ON MARCH 12, 1999, THE INTER-AMERICAN COMMISSION ON HUMAN RIGHTS OF the Organization of the American States published its Third Report on the Situation of Human Rights in Colombia. In the fifth chapter, it states:

Impunity and denial of justice continue to be prominent in Colombia. Impunity in relation to all types of crimes is widespread. In June of 1996, the Superior Council of the Judiciary reported that between 97 and 98% of all crimes go unpunished, and that 74% of crimes go unreported. Other state authorities provide similar statistics. According to information issued by the National Police, 90% of all crimes go unpunished. According to the 1996 report of the Commission for the Rationalization of Public Spending and Finances, the level of impunity in all cases has reached 99.5%. That organization asserts that only one of every 100 crimes reached the trial stage of criminal proceedings....

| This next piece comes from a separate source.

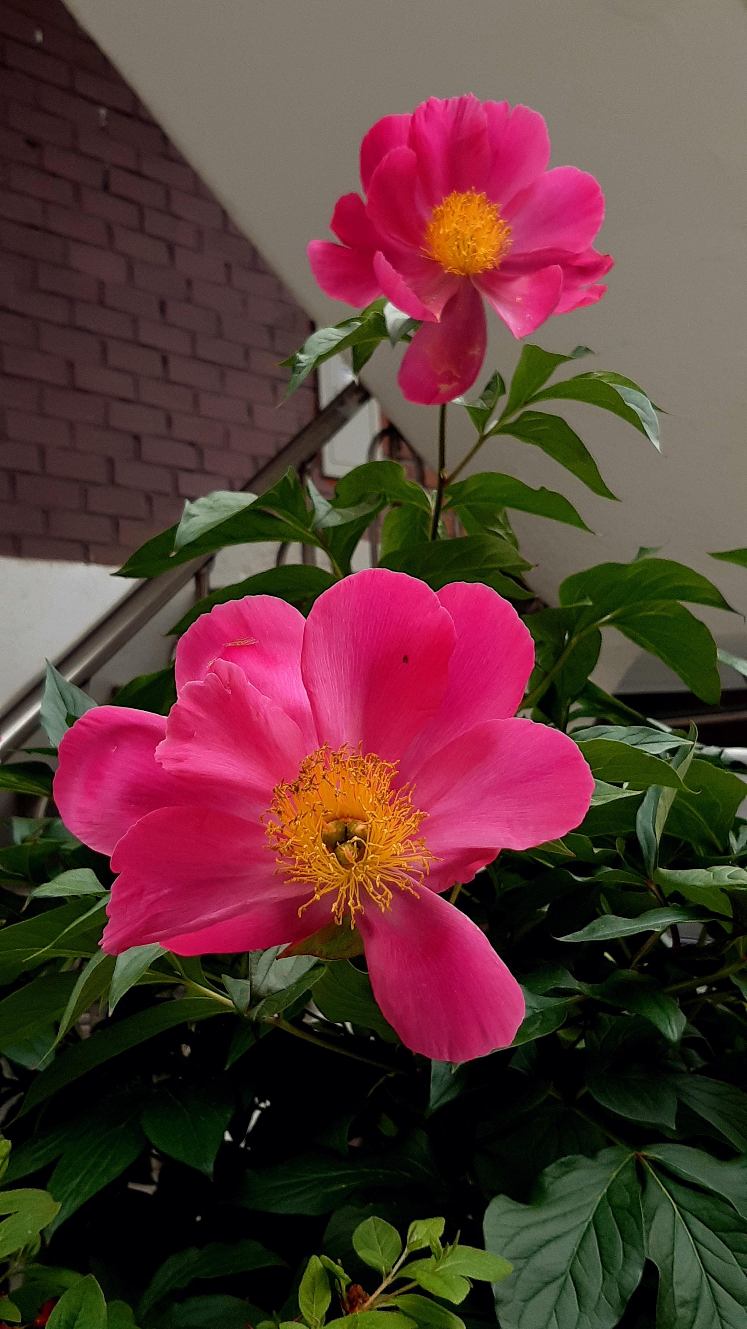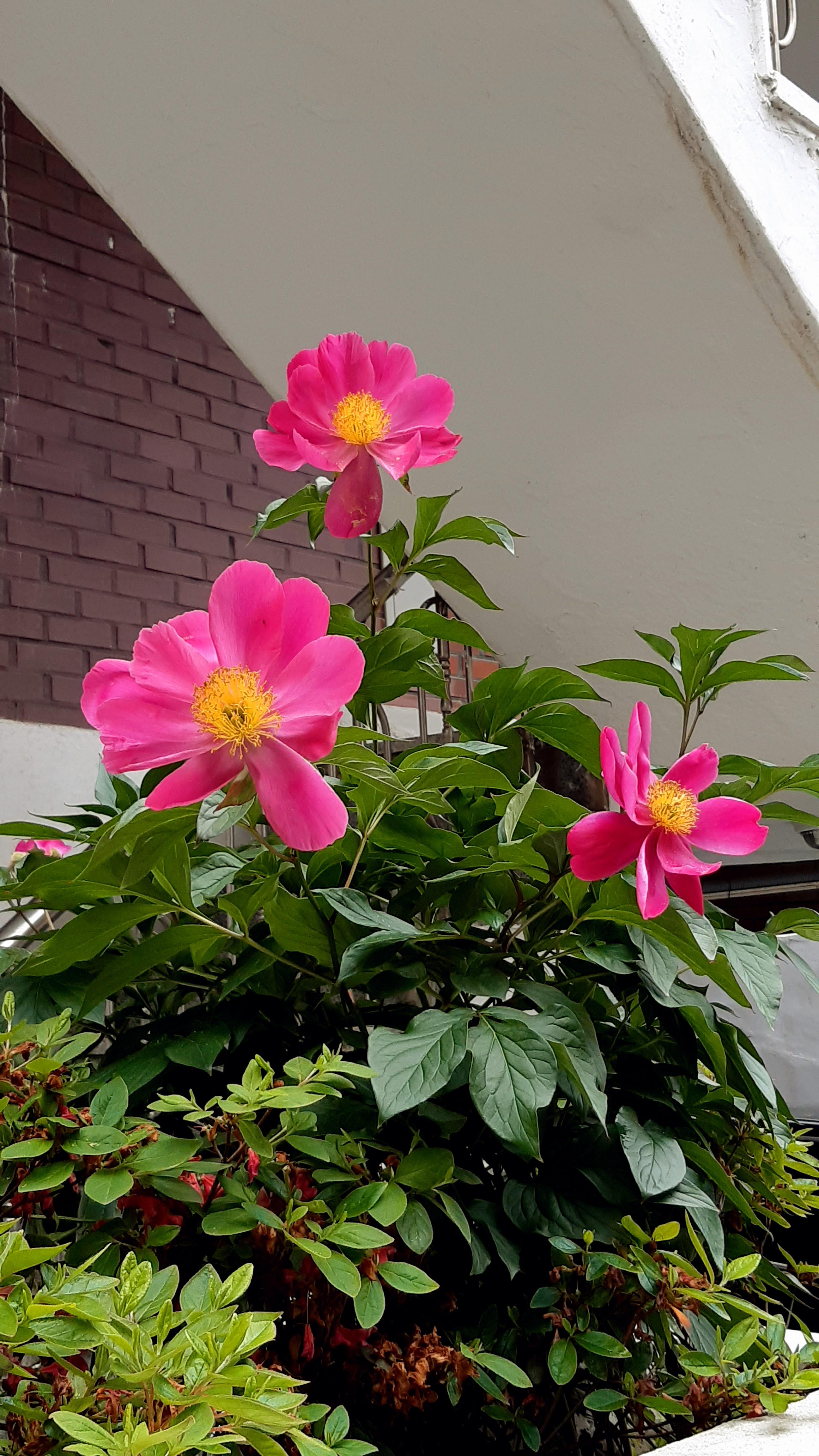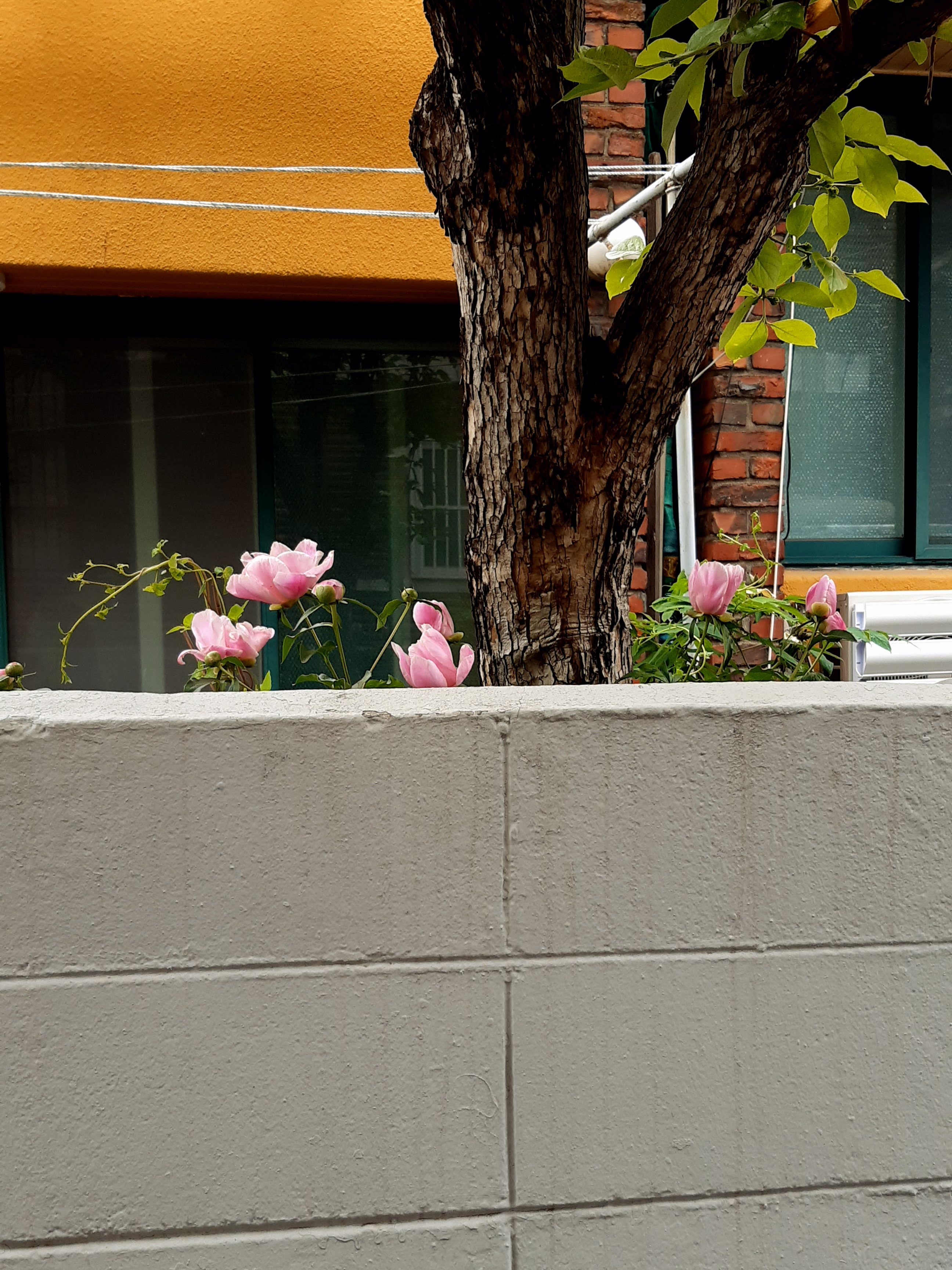 담장안의 분홍 작약

It appears that the rate of impunity is even greater in relation to crimes involving human rights violations, resulting in a failure by the state to comply with its responsibilities and a denial of justice to the victims of violations and/or their family members. Human Rights monitors assert that virtually 100% of all crimes involving human rights violations go unpunished. The experience of the Commission in the cases that are brought before it substantially supports this assertion....

Impunity in Colombia is structural and systemic. It is not simply a question of leaving numerous individual crimes unpunished. Rather, the issue is one of the creation of an entire system of impunity which affects the culture and life of the nation even for those individuals who are not directly affected by human rights violations or other crimes. Most international observers agree that this high level of impunity is itself one of the most serious human rights violations occurring in Colombia (InterAmerican Commission, 1999: Chapter V, Nos. 12, 14, and 16).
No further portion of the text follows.